BioSTEAMDevelopmentGroup / biosteam

The Biorefinery Simulation and Techno-Economic Analysis Modules; Life Cycle Assessment; Chemical Process Simulation Under Uncertainty
Other
179 stars 35 forks source link

Adding new wastewater treatment modules in BioSTEAM #148

Closed yalinli2 closed 1 year ago

yalinli2 commented 1 year ago

Accidentally created the PR before finish drafting the comment, description added below

This PR is intended to add the new wastewater treatment (WWT) process as described in Li et al in BioSTEAM. As shown in the paper, the new WWT process has the potential to substantially reduce the cost and environmental impacts of wastewater management in biorefineries (through high-rate anaerobic technologies), especially for second-generation biorefineries with lingocellulosic feedstocks.

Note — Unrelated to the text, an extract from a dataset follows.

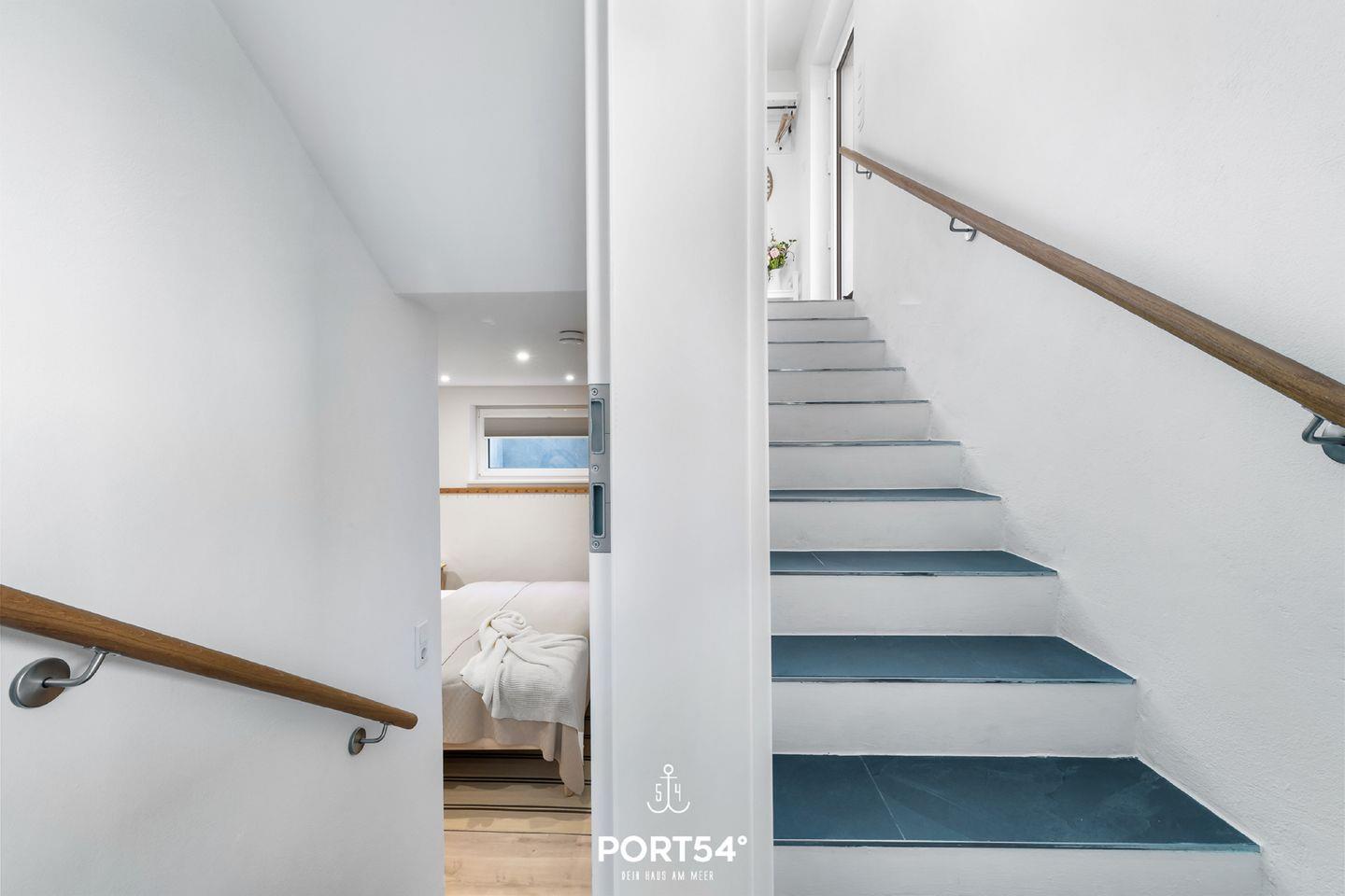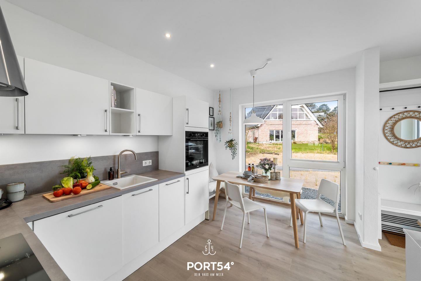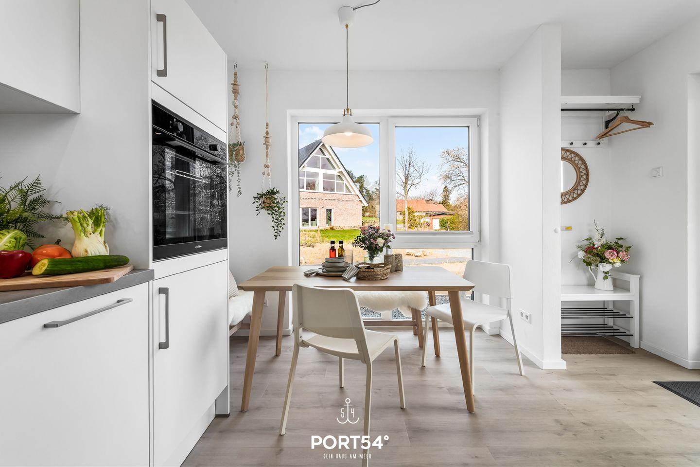 Die Dachterrasse mit Gartenmöbeln bietet Dir einen traumhaften Blick auf die Ostsee. Hier lassen sich sonnige Frühstücke oder laue Sommerabende am Elektro-Grill verbringen. Direkt vor dem Haus befindet sich eine eigene Parkfläche mit Zugang zur E-Ladesäule.

yalinli2 commented 1 year ago

TODOs before formal PR request, aim to complete within the week of 3/14/23

yalinli2 commented 1 year ago

Hi @yoelcortes , I've implemented the high-rate wastewater treatment system into the cellulosic ethanol system and tested it with the corn stover biorefinery (please use this branch for biosteam and the wwt branch for Bioindustrial-Park):

>>> import biosteam as bst
>>> from biorefineries import cornstover as cs
>>> factor = cs.ethanol_density_kggal

>>> chems = bst.wastewater.append_wwt_chemicals(cs.create_chemicals())
>>> bst.settings.set_thermo(chems)

>>> def get_MESP(sys):
...     if not sys.TEA: cs.create_tea(sys)
...     sys.simulate()
...     MESP = sys.TEA.solve_price(sys.flowsheet.stream.ethanol)*factor
...     print(f'\n\n{sys.ID} MESP: \n${MESP:.2f}/gal')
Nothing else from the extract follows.